The only reason I'm posting about this at all is that this weekend, a number of things made me think of an old college roommate of mine. He and I bonded over an appreciation of obtuse classical music (he was my assistant one semester at the radio station before taking over the classical show on Sundays), and I needed to get out of the apartment I was in, and he needed a roommate fast, so there it was. He was a math major, though I never got the feeling he was a natural at it. He spent hours and hours locked away in his room, tearing away at a blackboard, trying to wrap his mind around advanced topological formulae and whatnot. He did crazy things like ate the same exact sandwich at Blimpie's everyday in an effort to streamline and order things.
He was also a staunch conservative; something else I felt didn't really come natural to him. He had an impossibly rigid life planned out for himself, often recited: undergrad in math at LSU, graduate study at A Good School, professional track position in an engineering firm for a number of years before returning to academia, then marriage, one female child. He had no discernable social life except for the occasional get-together with his almost exclusively gay friends. His passion for high art and culture (from afar - he meticulously kept clippings in binders) didn't really jive with the Good Republican act. Also, his daddy issues were colossal. He spoke of his father in regal terms, referring to him as "my father" in his resonant, formal yet brilliant way of speaking. This led up to everyone in our circle being certain that he was a repressed homosexual but now, I think he just may have been a peculiar guy who people always thought was gay, and like everyone else in their twenties, was latching onto whatever made sense.

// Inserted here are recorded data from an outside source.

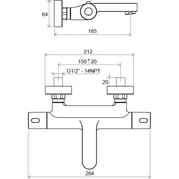- загальна довжина 284 мм, висота 150 мм, винос виливу 185 мм
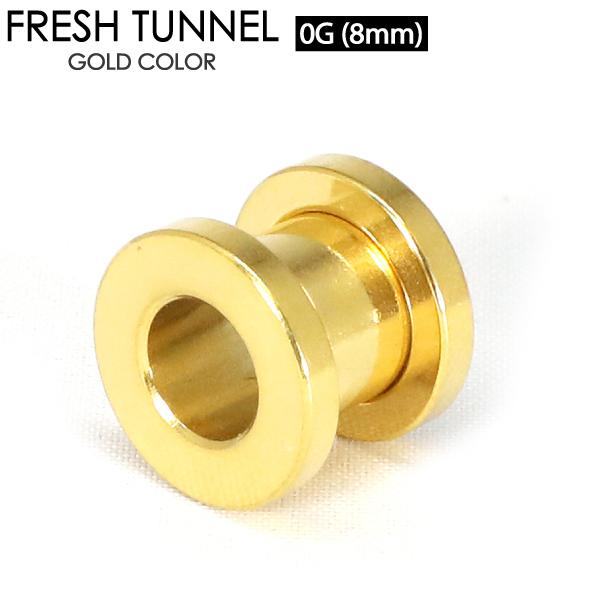 【メール便対応】フレッシュトンネル ゴールド 0G(8mm) GOLD アイレット ボディーピアス サージカルステンレス カラーコーティング加工 イヤーロブ ホールトゥに最適 0ゲージ┃
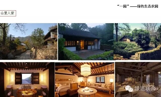 3、山里人家——對現有村莊進行統一規劃,打造品質鄉村度假,可以進行統一經營,也可讓居民自行經營。
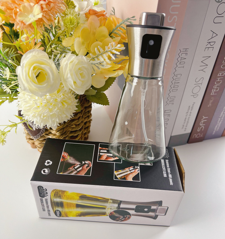 304不锈钢200ml喷油壶多功能空气炸锅油瓶玻璃高压烘焙油壶控油瓶
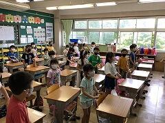 今日,6月の全校朝会がありました。感染症対策が緩和されたことで,子どもたちは気持ちよく校歌を歌うことができました。
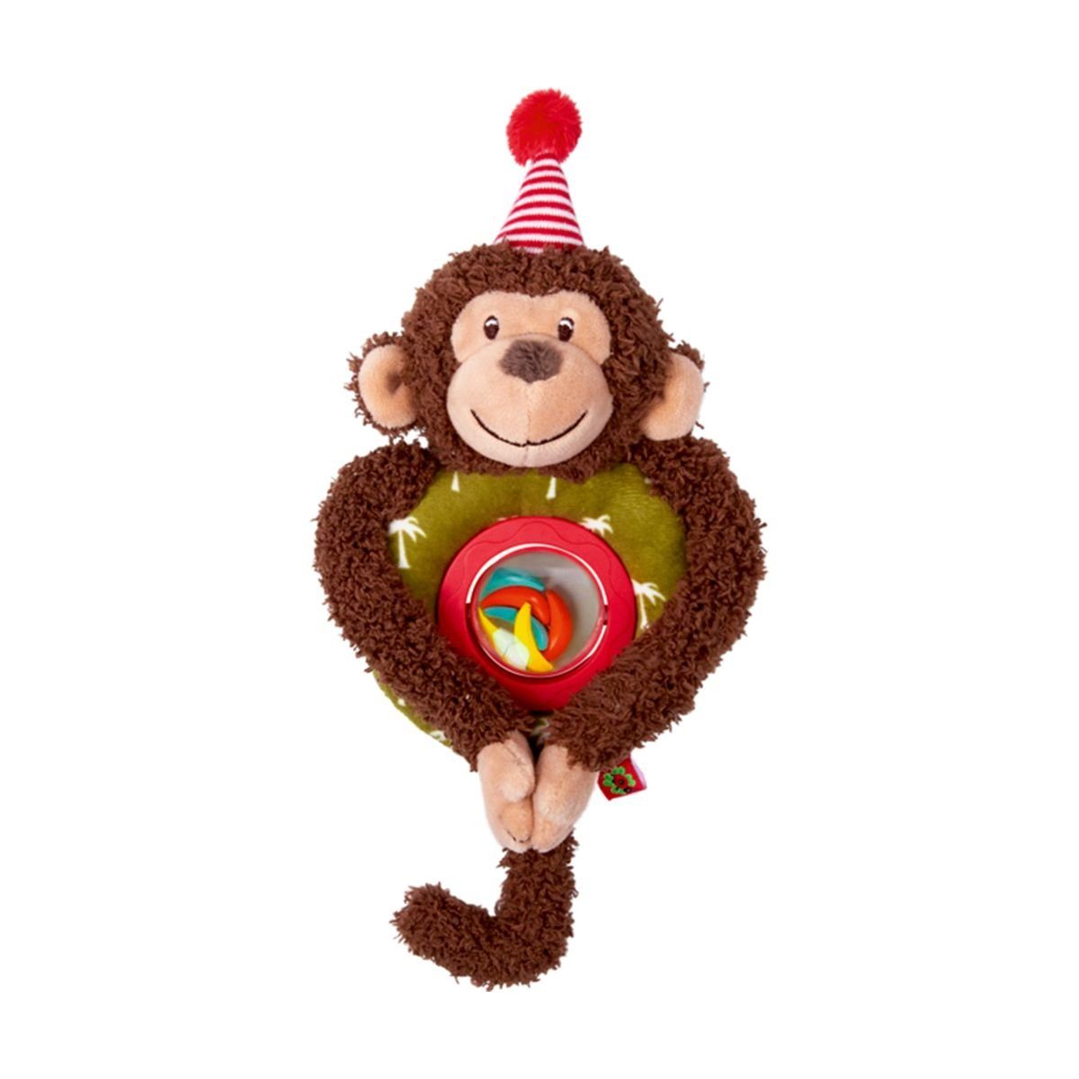 Dieses kleine Äffchen begeistert die Kleinsten mit seinen lustig rasselnden bunten Bananen im Bauch. Dank der Magneten an den Händen kann der Rassel-Affe ganz einfach an Maxi-Cosi und Co befestigt werden. Mit Stickerei.
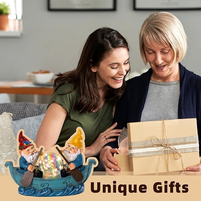 - Gnome Boating Statue:Two gnomes happily sit in a small boat,holding oars,with a glowing globe light in the centre,with expressions that are both amusing and heartwarming.With its vibrant colours and delicate details,the garden gnome statue displays a lively and inviting atmosphere,adding a touch of joy to any garden or outdoor space.
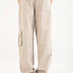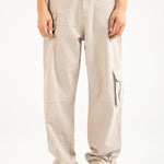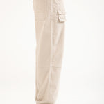 Stone-toned cotton cargos in a relaxed baggy fit, featuring scattered cargo pockets and panel detailing.
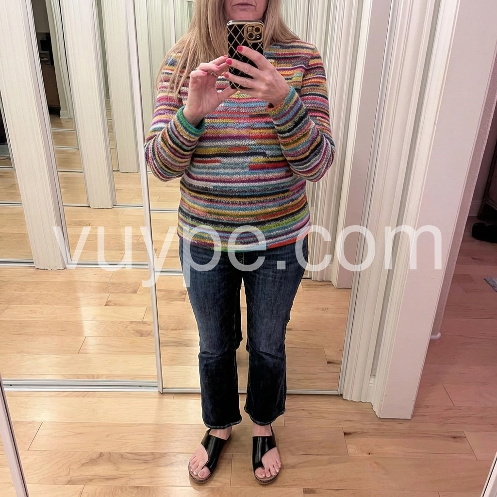 This sweater is perfect for the winter season. The unique striped pattern and long sleeves provide extra warmth and insulation to keep you comfortable. The fabric is lightweight and breathable for added comfort.
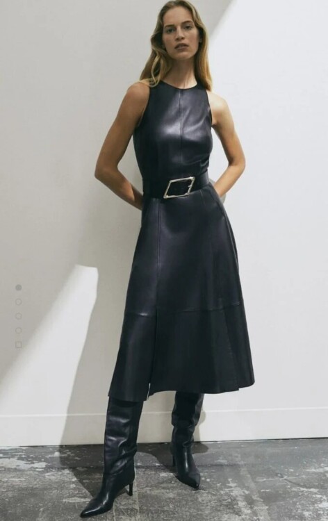 Ну і останнє на сьогодні. Куди ж без шкіри в 2020-2021. А особливо взимку! На фотографії, представленій нижче, дуже стильна та модна сукня, саме таку ми б і рекомендувала носити. Плюс пуховик / пальто / шуба.

William Buckley was the mortar to his loose bricks. He was a hardcore fan, and he read all of his books, and spoke of him as a mythic figure, chuckling over whatever lethal barb ol' Buckley launched at the hapless liberal menace today. To have someone as quippy and fabulous as Buckley on the side of one's professed belief system was probably a real problem solver and a comfort for what seemed to be a soul in conflict. So for that, I'm thankful for William F. Buckley and I hope that old roommate found what he was looking for.